受講後得られる具体的スキルや知識 Learning Outcomes

本教育法により、NUCBのミッションである開拓者精神=フロンティア・スピリットを育成できます。具体的には、基盤力、実践的思考力、主体的行動力、発展的コミュニケーション力の4つの力が育成できます。合わせて、経済産業省が提唱する「社会人基礎力」も習得でき就職に有利です
マーケティング科目は、本「マーケティング論」のほか、マーケットに軸足をおいた経営戦略を学ぶ「マーケット論2」、更に突っ込んだマーケティング戦略を学ぶ「マーケティング・マネジメント」の3科目があります。3科目は、段階的にレベルアップし、映像ケーススタディも重複しないように講座設計されています。3科目を合わせて、できれば順番に、履修することにより、実践的なマーケティング戦略を習得できます。

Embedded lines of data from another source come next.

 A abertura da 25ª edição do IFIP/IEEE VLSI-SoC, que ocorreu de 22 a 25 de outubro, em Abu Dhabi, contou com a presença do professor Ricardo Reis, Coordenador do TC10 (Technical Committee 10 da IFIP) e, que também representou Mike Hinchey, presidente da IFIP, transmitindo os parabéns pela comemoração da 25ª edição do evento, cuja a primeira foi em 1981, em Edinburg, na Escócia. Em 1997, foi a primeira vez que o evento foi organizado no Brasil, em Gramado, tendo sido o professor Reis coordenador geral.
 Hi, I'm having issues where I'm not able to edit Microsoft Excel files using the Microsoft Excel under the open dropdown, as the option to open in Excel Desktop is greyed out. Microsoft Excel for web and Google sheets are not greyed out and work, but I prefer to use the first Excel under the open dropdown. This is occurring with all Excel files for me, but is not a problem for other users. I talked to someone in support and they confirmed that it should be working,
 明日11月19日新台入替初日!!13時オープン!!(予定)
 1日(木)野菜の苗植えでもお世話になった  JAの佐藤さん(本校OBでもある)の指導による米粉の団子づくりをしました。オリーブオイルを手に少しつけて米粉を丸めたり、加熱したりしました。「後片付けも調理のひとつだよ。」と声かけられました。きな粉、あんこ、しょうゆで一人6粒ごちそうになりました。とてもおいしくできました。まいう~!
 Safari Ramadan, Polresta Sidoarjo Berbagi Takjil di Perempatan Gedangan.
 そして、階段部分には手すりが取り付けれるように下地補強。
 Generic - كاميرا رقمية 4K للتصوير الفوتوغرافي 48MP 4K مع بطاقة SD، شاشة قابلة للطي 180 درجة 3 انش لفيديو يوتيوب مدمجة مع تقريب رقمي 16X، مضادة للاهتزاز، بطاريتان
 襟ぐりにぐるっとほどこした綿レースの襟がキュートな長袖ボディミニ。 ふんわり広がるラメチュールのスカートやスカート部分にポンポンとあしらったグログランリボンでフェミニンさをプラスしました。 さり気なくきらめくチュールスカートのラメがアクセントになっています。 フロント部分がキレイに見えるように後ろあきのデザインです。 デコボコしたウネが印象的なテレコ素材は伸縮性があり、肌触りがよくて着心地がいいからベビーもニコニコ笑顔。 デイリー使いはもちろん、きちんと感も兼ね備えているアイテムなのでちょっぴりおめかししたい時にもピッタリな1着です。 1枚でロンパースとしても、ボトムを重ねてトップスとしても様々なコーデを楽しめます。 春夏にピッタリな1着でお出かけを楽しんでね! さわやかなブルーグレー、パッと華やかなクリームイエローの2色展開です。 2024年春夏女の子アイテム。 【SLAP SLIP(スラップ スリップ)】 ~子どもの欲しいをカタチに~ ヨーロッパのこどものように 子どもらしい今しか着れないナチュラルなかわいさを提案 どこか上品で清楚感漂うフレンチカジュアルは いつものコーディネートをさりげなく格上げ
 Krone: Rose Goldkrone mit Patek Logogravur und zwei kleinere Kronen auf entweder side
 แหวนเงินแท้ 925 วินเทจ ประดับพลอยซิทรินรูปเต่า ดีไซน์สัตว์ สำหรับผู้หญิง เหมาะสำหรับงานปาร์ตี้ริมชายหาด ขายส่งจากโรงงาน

This new teaching method can foster the NUCB's “Frontier Spirit.” Specifically, four skills can be developed: foundation skills, practical thinking skills, independent action skills, and developing communication skills. At the same time, you can learn "Fundamental Competencies for Working Persons" proposed by the Ministry of Economy, Trade and Industry (METI), which is advantageous for employment.
There are three marketing related subjects: this "Marketing" to learn the basics, and additionally "Marketing 2" to learn business strategies that focus on the market, "Marketing Management" to learn more in-depth marketing strategies. The courses are designed so that the three subjects will be upgraded gradually and video case studies will not overlap. I recommend that you take all three subjects, and if possible, in order.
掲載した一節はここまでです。